Настало время рассказать, наконец, кто же была Инка, и за что наказали Эльмара. И объяснить, почему Эльмар так упорно не хотел говорить на эту тему с Рябинкой.

Случилось это нелепое происшествие вскоре после первого появления туземки на Новой Земле. Эльмар не то, чтобы сошел с ума по Рябинке, нет, но после её отлета он сильно захандрил. И хотя хандра эта была светлой, как говорили в старину, «возвышенной», она почему-то не возвышала, а, наоборот, угнетала.

Кто придумал, что стихи пишутся от несчастной любви? У Эльмара точно гири повисли на поэтических крылышках, и рифмы его покинули, оставив измученное сердце на растерзание мрачным бесконечным мыслям.

Он с трудом заставлял себя что-то делать и завидовал людям с нормированным рабочим днём, которые обязаны ходить на работу, хотят они того или не хотят. Он рад был бы загрузиться по самые уши, но, как на зло, задание у него было несрочное, никто Эльмара не подгонял. И никто его нигде не искал.

И вот в один из таких безнадежно мрачных дней руки Эльмара сами направили ракетку к рощице возле Долинного. Он ничего там не высматривал, и ничего не хотел, его просто потянуло наведаться в места, связанные с его зеленоглазой феей.

Поставив машину на траву, ещё хранившую память о её звездолёте, художник направился к роще, к которой ходила Она. Он прошёл бы по её следам точь-в-точь, но всё пространство в радиусе полкилометра было истоптано, и он брёл наугад, надеясь: возможно, и она шла именно так.

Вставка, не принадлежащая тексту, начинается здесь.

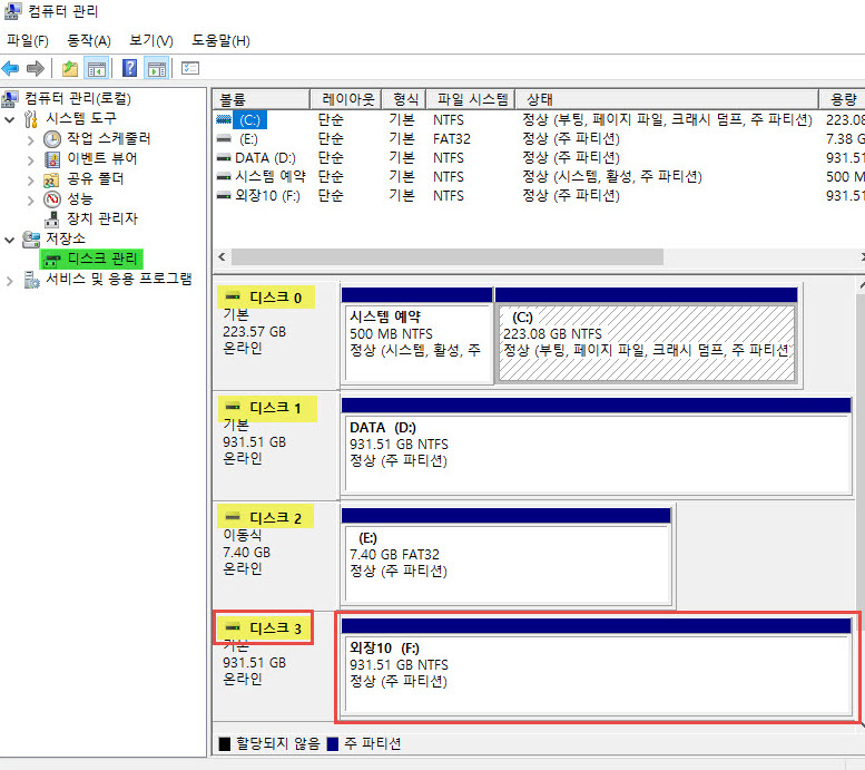 ▲ 디스크 관리를 클릭 - 해당 외장하드의 디스크 정보가 정상적으로 출력되는지 확인하자!

Он отыскал место, где случилась их первая встреча и долго стоял, не отрывая взгляда от её озера. Затем он зашел в воду и оглянулся. Стоял такой же ветреный день, и белели берёзы, и даже облака были точно такого же оттенка.

Эльмар очень ясно вспомнил космонавтку. Она выбежала из-за кручи и остановилась вот тут на вершине склона, и вытаращила глаза: ни дать ни взять, набедокурившая школьница. И никакого сознания вины: только удивление и испуг. Да, вид у неё был ошарашенный!

Эльмар воспроизвел в памяти каждый жест Рябинки, каждый поворот её головы. И её смущение, когда он вынул «ум».

— Что это? — раздался мелодичный голос.

В руке Эльмара лежала «заколка», и возле двух берез на берегу стояла… Она!

Эльмар похолодел. Что он наделал! Зачем касался головы!

— Я вам не помешала? — спросила Псевдорябинка. — Я не хотела. Она тряхнула кудрями и улыбнулась улыбкой человека, не ожидающего от судьбы никаких ударов. Живая, настоящая — поди объясни ей, что она появилась из ничего, что и Та Земля, и Лиска, и любимая работа для неё не существуют. Что прошлое, которое она знает — не её прошлое, а чьё-то чужое. Для самой-то себя она как нельзя более настоящая!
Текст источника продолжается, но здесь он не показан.